A native of Bantry, County Cork, he was elected to Cork County Council in 1985, and re-elected in 1991 and 1999. He was nominated by the Taoiseach to the Seanad in 1989. He was an unsuccessful candidate at the 1993 Seanad election but was elected to the Seanad in 1997 as a Senator for the Industrial and Commercial Panel. O'Donovan was elected to Dáil Éireann, on his fifth attempt, at the 2002 general election for the Cork South-West constituency. He lost his Dáil seat at the 2007 general election, however, he was subsequently elected to the Seanad.

O'Donovan was the Chairman of the all-party Oireachtas Committee on the Constitution, established in December 2002 to review the Constitution. He has a degree in law from University College Cork and is a qualified solicitor.

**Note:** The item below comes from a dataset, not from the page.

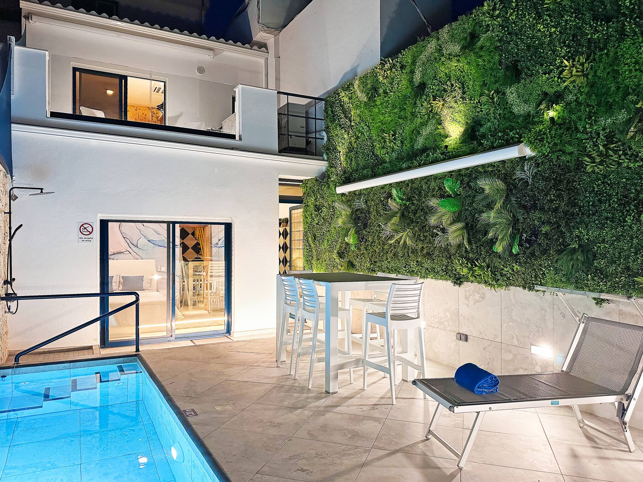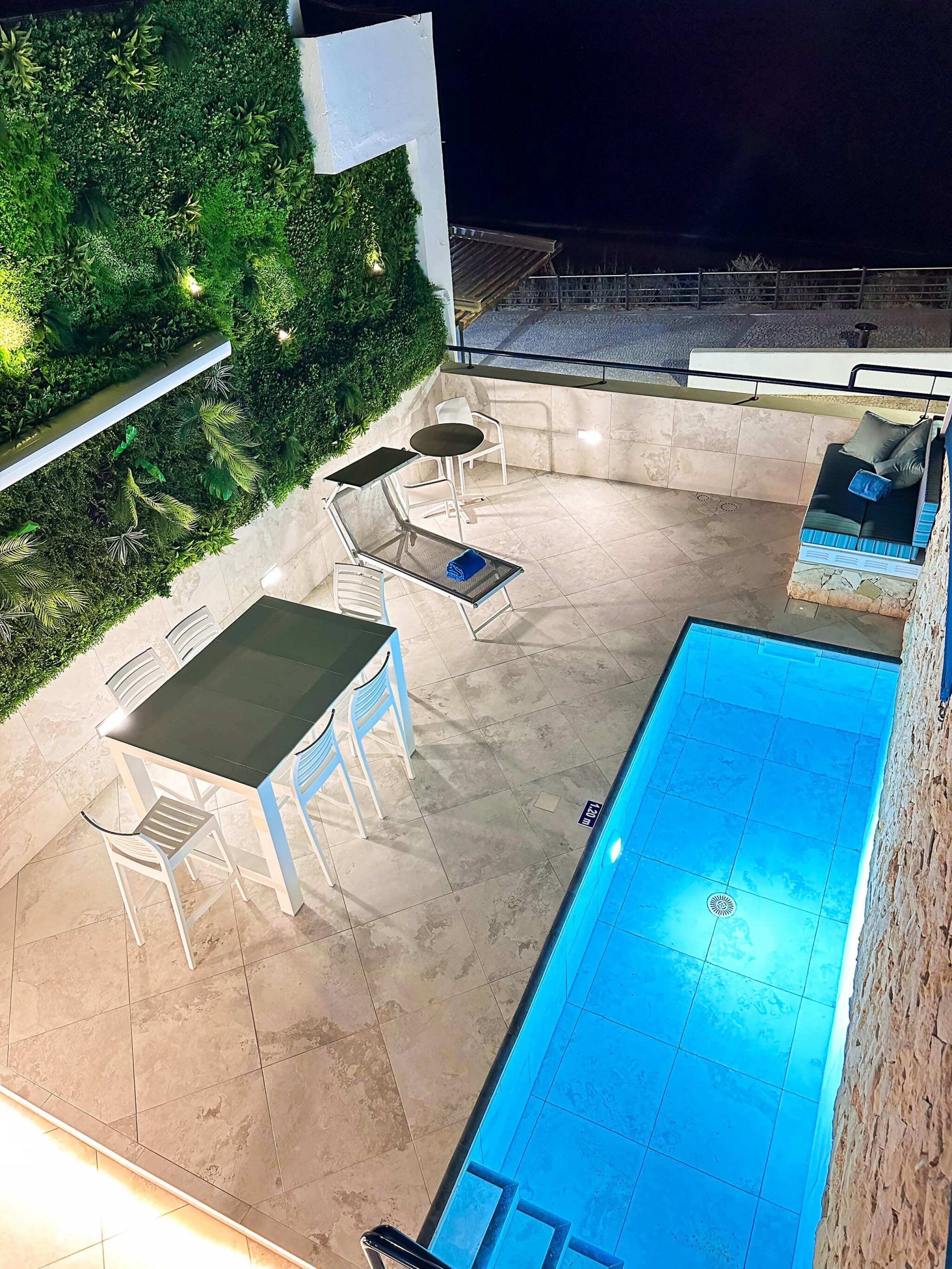 d'un jardin vertical de 8 mètres de haut de l'autre. Une piscine moderne et une douche extérieure (avec eau chaude) offrent tout

In June 2010, he lost the Fianna Fáil parliamentary party whip when he failed to support the government on the Dog Breeding Establishment bill. He was a Fianna Fáil candidate at the 2011 general election for Cork South-West but was not elected. He was re-elected to the Seanad in April 2011. He was Leas-Chathaoirleach (Deputy Chairman) of the 24th Seanad. He was re-elected again to Seanad Éireann on the Agricultural Panel in April 2016 and again in April 2020.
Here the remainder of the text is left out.